I have a simple numpy array, for every date there is a data point. Something like this:
>>> import numpy as np
>>> from datetime import date
>>> from datetime import date
>>> x = np.array( [(date(2008,3,5), 4800 ), (date(2008,3,15), 4000 ), (date(2008,3,
20), 3500 ), (date(2008,4,5), 3000 ) ] )
Is there easy way to extrapolate data points to the future: date(2008,5,1), date(2008, 5, 20) etc? I understand it can be done with mathematical algorithms. But here I am seeking for some low hanging fruit. Actually I like what numpy.linalg.solve does, but it does not look applicable for the extrapolation. Maybe I am absolutely wrong.
Actually to be more specific I am building a burn-down chart (xp term): 'x=date and y=volume of work to be done', so I have got the already done sprints and I want to visualise how the future sprints will go if the current situation persists. And finally I want to predict the release date. So the nature of 'volume of work to be done' is it always goes down on burn-down charts. Also I want to get the extrapolated release date: date when the volume becomes zero.

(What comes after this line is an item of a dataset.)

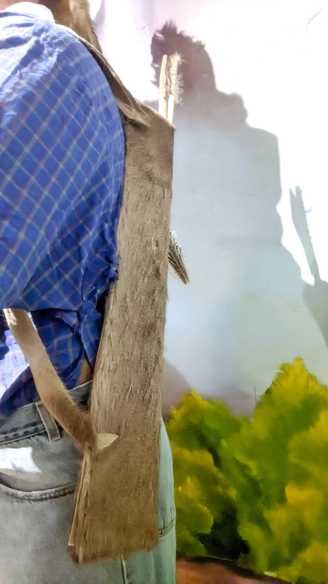 Cuchillo, mango o manita de chapayeca elaborado en madera de álamo o vara de algún otro árbol de madera ligera. La hoja está cubierta con esmalte blanco y tiene una figura geométrica de color verde al centro, con la punta de color rojo y el mango de color natural. Existen dos "versiones" de este tipo de cuchillos: las pertenecientes a los cabos (niños, jóvenes o personas solteras, ornamentados con imágenes de sewa (flores). El otro tipo es la mostrada en la imagen, la cual pertenece a un chapayeca principal, quien para serlo requiere estar casado por la iglesia, y la decoración del cuchillo es con imágenes de triángulos; las flores que representan inocencia pasan a estar en la máscara.

This is all for showing to dev team how things go. The preciseness is not so important here :) The motivation of dev team is the main factor. That means I am absolutely fine with the very approximate extrapolation technique.
It's all too easy for extrapolation to generate garbage; try this. Many different extrapolations are of course possible; some produce obvious garbage, some non-obvious garbage, many are ill-defined.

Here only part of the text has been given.